Hajira is a small town in Poonch District of Azad Jammu and Kashmir, Pakistan. It is the headquarters of Hajira Tehsil, also known as 'Cheara' in local accents. Hajira is a transport hub, as the center point of different districts. Hajira Ponch is correctly interpreted as ‘Hajira Reach’.

== Geography ==
South of Hajira is Sudhnoti district. Southeast of Hajira is Kotli district. To the north is Haveli district. Bagh district is west of Hajira. Khai Gala and Rawalakot are the other nearest cities of Hajira and located west of Hajira. Hajira is close to the Pakistan/India border.
The town is situated on the bank of a river (which feeds into the Poonch river in a narrow valley surrounded by hills. It is the nearest major town to the line of control.

== Administration ==
Hajira is one of four tehsils of Poonch district. It is a sub-divisional headquarter of Poonch district of Azad Kashmir. The main villages included in sub-division Hajira are: Ghameer, Pothi Chhaprian, Kathiara, Paghwati, Dawarandi, Tatrinote, Madarpur, Saher, Mandhol, Buttle, Sahra, Dara sher khan, Rakar, Sarari, Basari, Kaloti, Devigali, kalpur, Bhango, Bhantini, etc.
The tehsil has seven union councils:

- Ghameer
- Bahnteeni
- Jandali
- Serari
- Narrian Kathrria
- Raker
- Phagwati
- Sahir Kakuta

=== Climate ===
Summers can be hot (exceeding 35C), while winters are mild, with the low altitude making snowfall rare.

== Demographics ==
The language spoken in Hajira is Urdu, similar to the west side of Hajira. Northwords to Tata Pani the language becomes Pahari and Potwari. The Indian borders and line of control LOC is near Hajira. Residents include Soduzai Pathans, Awans, Khwajas, Janjua Rajputs, Dullies, Jaats, Gujars, Ghakhars, Mughals, and Qureshis. The literacy rate is almost 60%..

==Facilities==
Health and Education institutes are available.

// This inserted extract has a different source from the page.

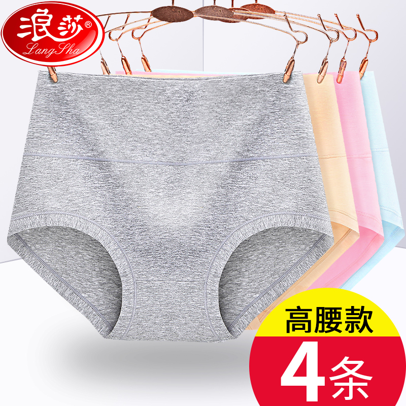 【产品名称:浪莎内裤女100%全棉纯棉裆高腰平角女士内裤中腰加大码胖mm三角裤】
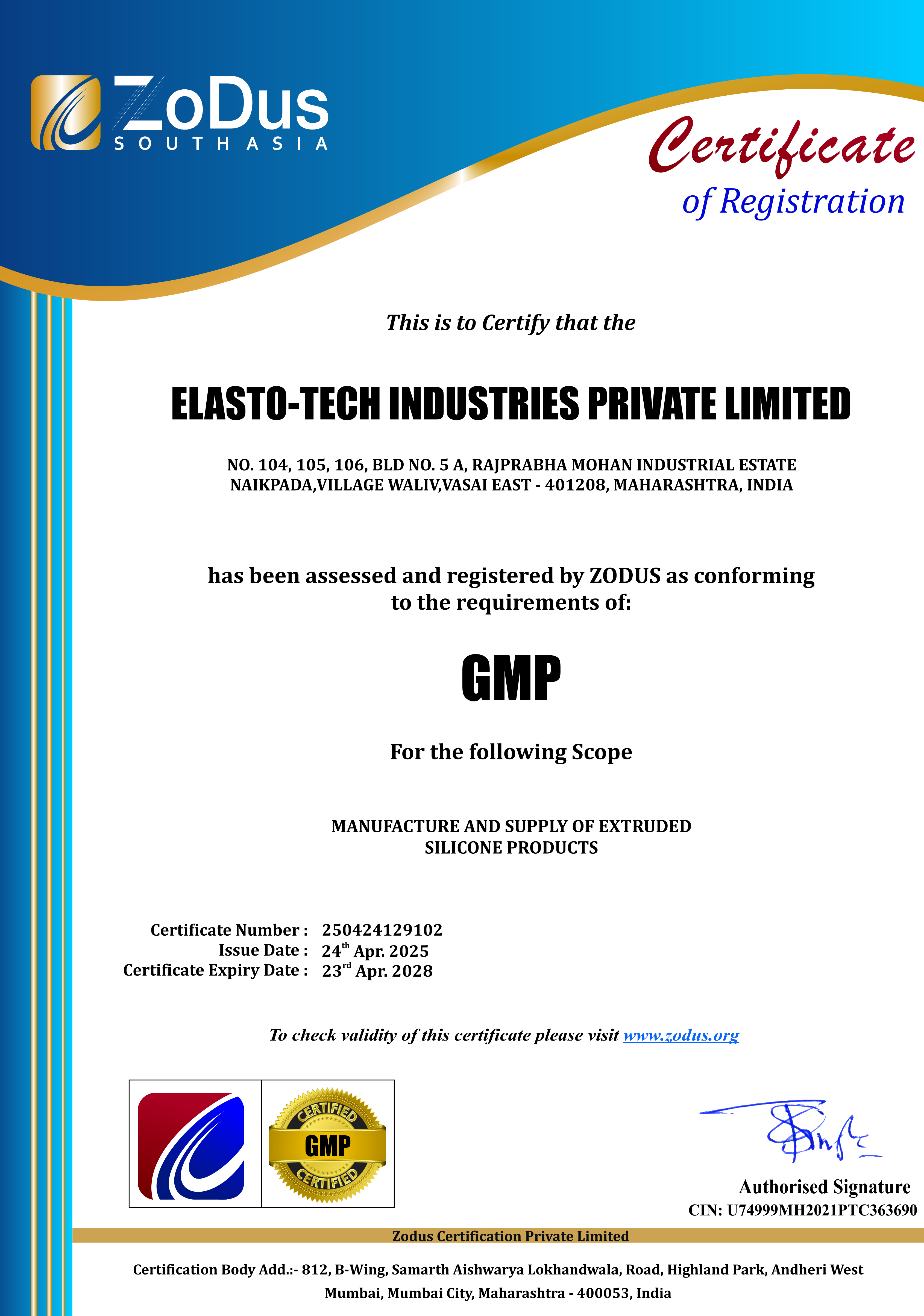 - GMP Certificate Report No. 250424129102

Hotels and guest houses are located for tourists stay. The town is covered by all GSM operators. Markets in Hajira include the Main Bazar, Serari Bazar, Dak-khaana Market, Thana Road Market, Pull Bazar, Bypass road market, 'College chowk Market, and Petrol Pump Market.'

== Transport ==
Hajira has road connections with Rawalakot, Kotli and Trarkhel. Public transport runs daily between Rawalakot and Hajira.

==History==
Hajira and surrounding areas have faced trouble because of proximity to the line of control. Because of the Indo–Pak agreement, cross border attacks from India had stopped and Hajira had become safer. But recently during May, 2025 India targeted the City and other areas during the Operation Sindoor.Lots of people martyred during the attacks. Besides this, 2005 earthquake has also affected the area and people.

==Education==
A Government Boys Degree College and a Government Girls Degree College as well as private colleges, such as Muhammadan Science College Stars Science College' Islamia Science College.